The most likely “solution” to an eviction crisis will be to either prohibit them entirely, thereby throttling rental supply even more, or slashing interest rates which will cause real estate values to soar even higher. The world’s economy is clearly between a rock and a hard place.

City marshals carried out 12,000 evictions last year, with 550,000 eviction cases filed since 2019. These numbers are reminiscent of evicting entire populations of mid-sized cities. The cause? A vicious cycle of increased living costs, including food, utilities, and healthcare, outpacing incomes and making rent unaffordable for many.

A Dragon No More?

After the death of Mao, China’s embrace of free markets sparked one of the largest economic booms the 20th century has ever seen. But is China now in regress as the communist party tries to widen its control over the economy?

Xi expects business as well as people to serve the CCP. As authoritarian controls metastasize throughout the economy, everyone suffers. For instance, even foreign enterprises now must accommodate party cells. The Wall Street Journal’s Lingling Wei reported on a Chinese “official, one of several who had helped introduce Western-style stock trading to China,” who cited “a worrisome trend of the party inserting itself more into companies’ affairs by pressuring them to accept Communist Party committees in their offices. ‘The whole thing about getting listed companies to set up party committees,’ he said, ‘is a reversal of what we had tried to do’.”

Mortgage Blues

It’s rather stunning how rich some homeowners thought they were when interest rates crashed to near zero and the real estate market began to soar. Today, though, at least a few of them don’t feel so rich anymore.

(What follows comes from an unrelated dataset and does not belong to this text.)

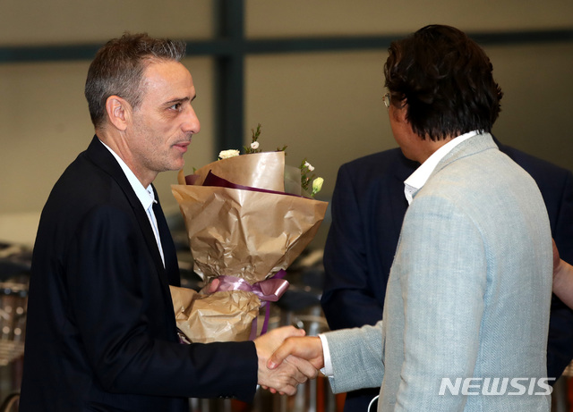 벤투 신임 감독은 코치진 4명과 함께 입국해 다음달 예정된 두 차례 평가전을 준비한다. 2018.08.20.

I have two questions: Firstly, why did the bank approve this inflated mortgage in the first place? Secondly, how many more like this were also approved?

At the time, the property was listed for $465,000, but Hartmann says she paid $200,000 over the asking price.

“It was quite ludicrous, there were bidding wars and it was just really stressful,” said Hartmann.

But just seven months later, she was laid off from her well-paying job at Microsoft and at the same time, soaring interest rates nearly doubled her mortgage.

Hartmann said she tried to sell her house through two different realtors and ended up handing the keys over to Scotiabank in November.